To assess the level of risk, we will consider both the likelihood and the severity of any impact on individuals. High risk could result from either a high probability of some harm, or a lower possibility of serious harm. We will consult our DPO and, where appropriate, individuals and relevant experts. We may also need to consult with relevant processors. If we identify a high risk that we cannot mitigate, we will consult the ICO before starting the processing. We will implement the measures we identified from the DPIA, and integrate them into our policies, procedures, and practice.

15. Disposal of Records

Personal data that is no longer needed will be disposed of securely. Personal data that has become inaccurate or out of date will also be disposed of securely, where we cannot or do not need to rectify or update it.

For example, we will shred or incinerate paper-based records and overwrite or delete electronic files. We may also use a third party to safely dispose of records on our behalf. If we do so, we will require the third party to provide sufficient guarantees that it complies with data protection law.

All disposal of records will be carried out in accordance with our Data Retention Policy.

17. Training

All team members receive data protection training as part of their induction.
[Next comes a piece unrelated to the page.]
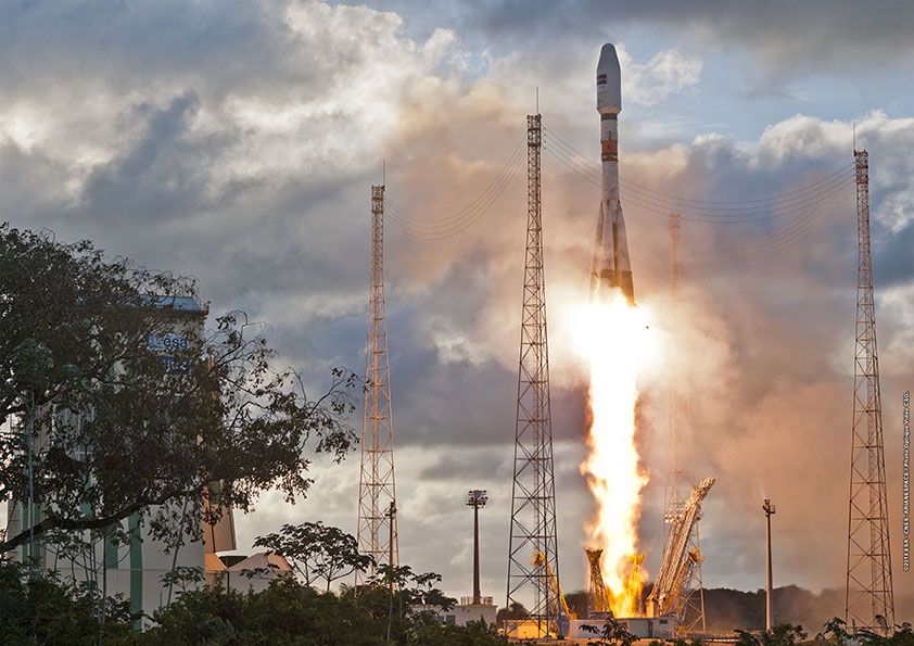 Jeudi 3 avril à 21h02 UTC, la 7e Soyouz depuis le Centre Spatial Guyanais a pris son envol et a mis sur orbite le satellite SENTINEL 1A :

We also provide refresher or update training whenever changes in legislation or our own processes make it necessary. Data protection awareness is included in our continuing professional development programme to ensure staff maintain good understanding and compliance.

18. Monitoring Arrangements

This policy is reviewed at least annually by the DCO in consultation with the DPO and is presented to the Senior Leadership Team for approval. It will also be reviewed sooner if there are significant changes to data protection law, regulatory guidance, or our processing activities.

20. Links with Procedures

If any team member or data processor discovers or suspects a personal data breach, they must immediately notify the DCO. This will trigger our Personal Data Breach Procedure so that the incident can be assessed and managed promptly.